## WHAT YOU ARE ASKED TO DO
Don't include pictures. Quote the lines below from the first through the line that contains "学生作答内容与题目要求严重不".

[Records drawn from a dataset]
----------------

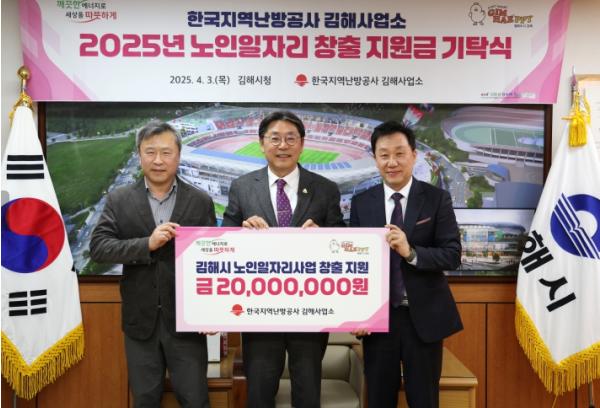 [종합뉴스채널, 김현성기자] 한국지역난방공사는 3일 김해시를 방문 노인일자리 창출을 위한 지원금 2천만원을 기탁했다.
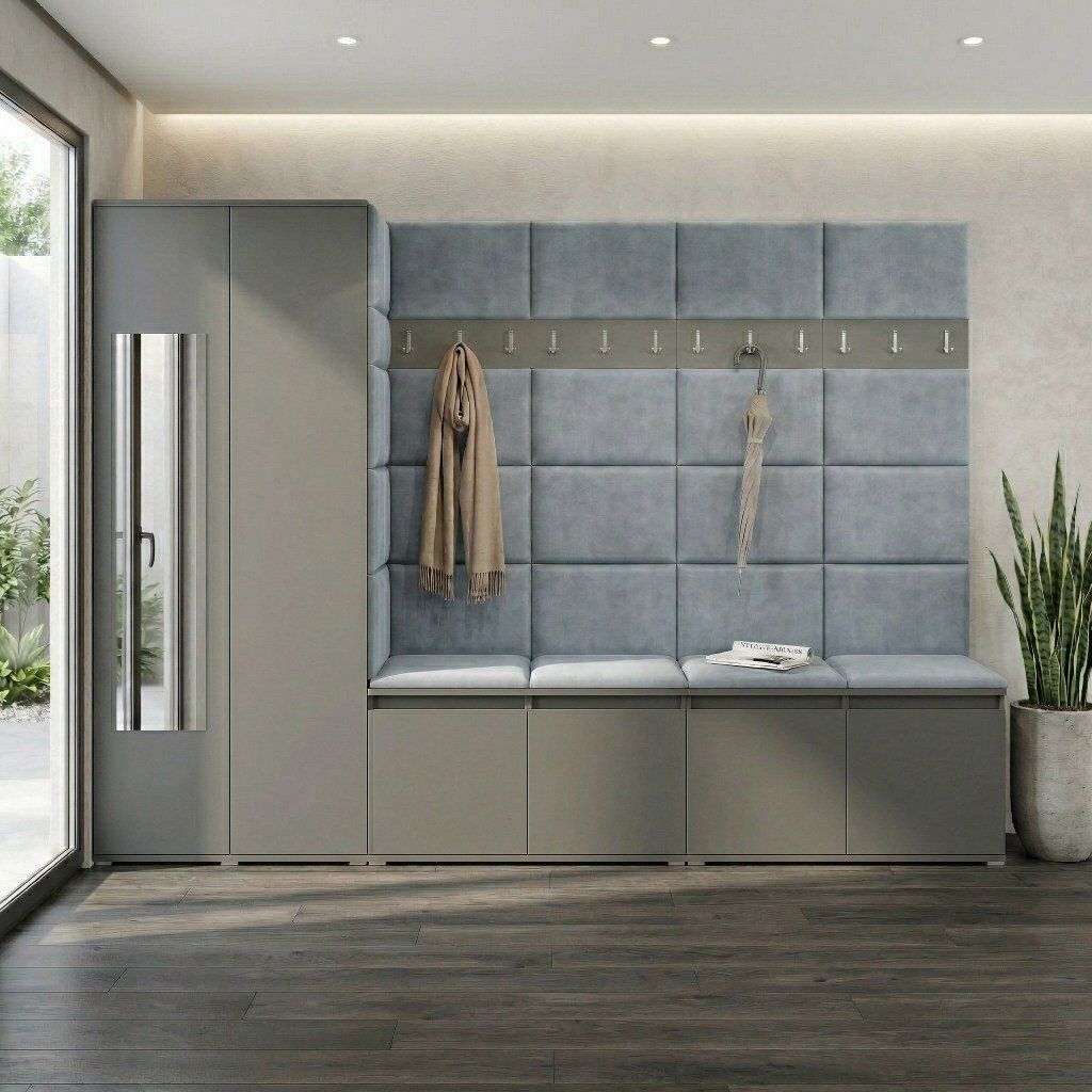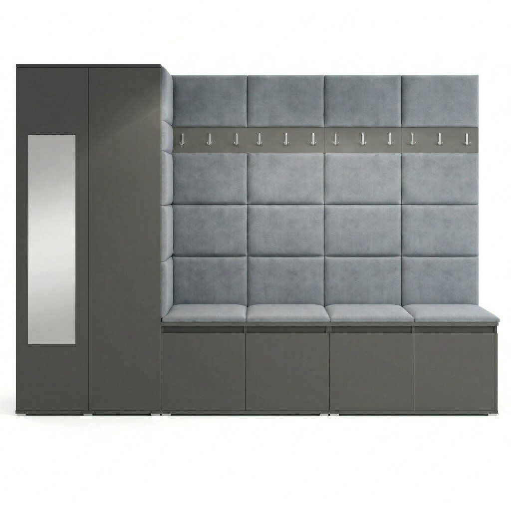 Předsíňová stěna s čalouněnými panely Trinity 9 - Grafit / Šedá 2314
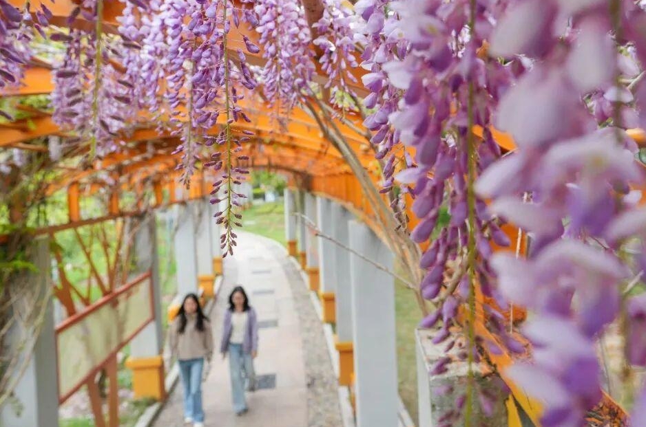 紫藤挂云木,花蔓宜阳春。福州每年的三月底四月初,是紫藤的最佳观赏期。在春日细雨的浸润下,闽江公园南园内,混凝土花廊与钢结构花廊串联而成的百米紫藤花廊织就出一条紫色花带,为福州春日增添一道浪漫的色彩。
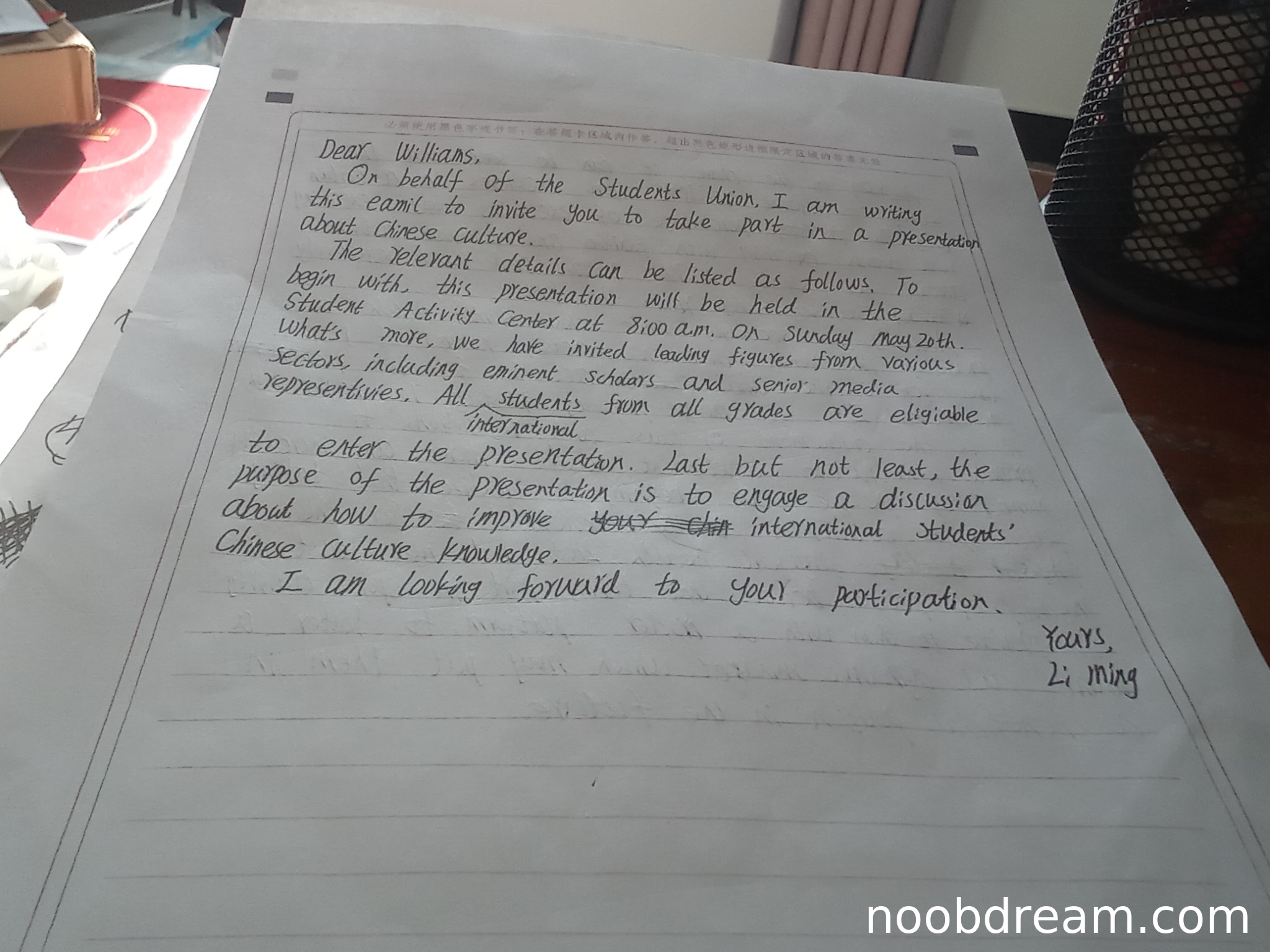 学生作答内容与题目要求严重不符。题目要求是回复Williams教授的邀请,接受邀请并介绍自己演讲的要点。而学生的两次识别结果都是在以学生会的身份向Williams教授发出邀请,内容完全跑题。因此,内容要点(接受邀请、介绍要点)全部缺失,属于“内容与题目无关或严重跑题”。
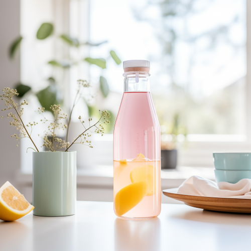 glass juice bottle on a kitchen counter, modern scandanavian decor, light pastels ultra reaslistic, product photography
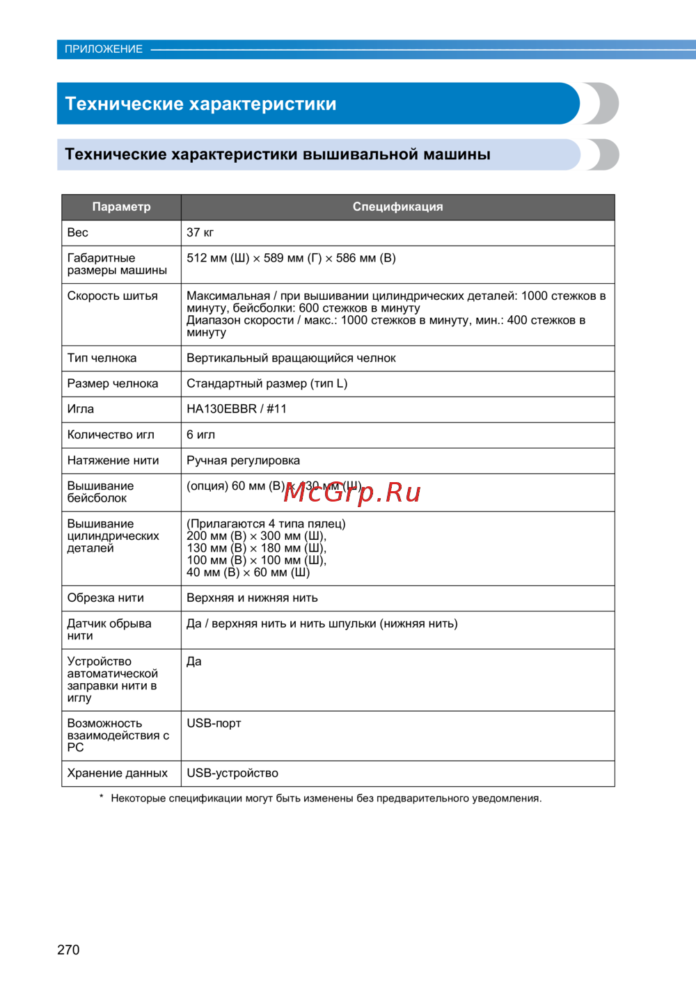 ![Brother PR 655E ENTREPRENEUR (PR655E) [272/280] Технические характеристики вышивальной машины](/views2/1342073/page272/bg110.png)
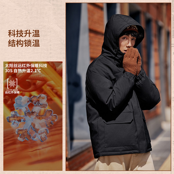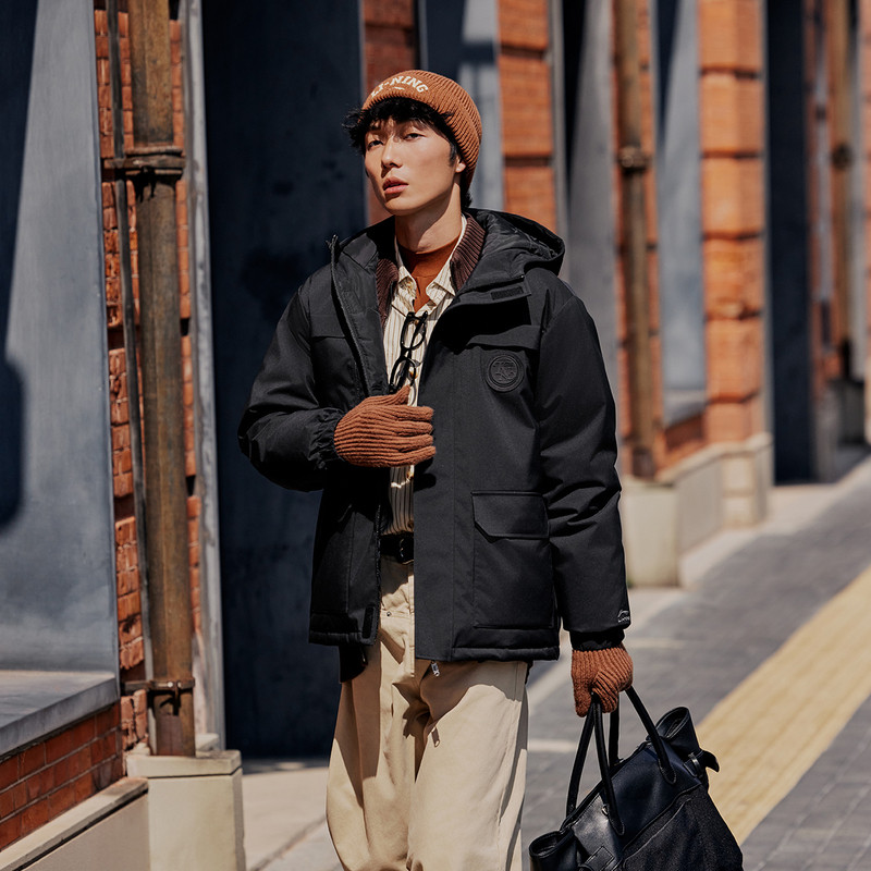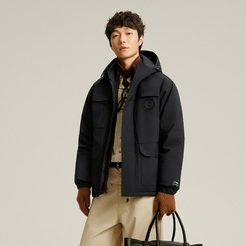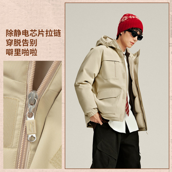 李宁航天动态保暖羽绒服男冬季新款连帽短款工装运动外套AYMV295

----------------

## WORKED SOLUTION
 [종합뉴스채널, 김현성기자] 한국지역난방공사는 3일 김해시를 방문 노인일자리 창출을 위한 지원금 2천만원을 기탁했다.
 Předsíňová stěna s čalouněnými panely Trinity 9 - Grafit / Šedá 2314
 紫藤挂云木,花蔓宜阳春。福州每年的三月底四月初,是紫藤的最佳观赏期。在春日细雨的浸润下,闽江公园南园内,混凝土花廊与钢结构花廊串联而成的百米紫藤花廊织就出一条紫色花带,为福州春日增添一道浪漫的色彩。
 学生作答内容与题目要求严重不符。题目要求是回复Williams教授的邀请,接受邀请并介绍自己演讲的要点。而学生的两次识别结果都是在以学生会的身份向Williams教授发出邀请,内容完全跑题。因此,内容要点(接受邀请、介绍要点)全部缺失,属于“内容与题目无关或严重跑题”。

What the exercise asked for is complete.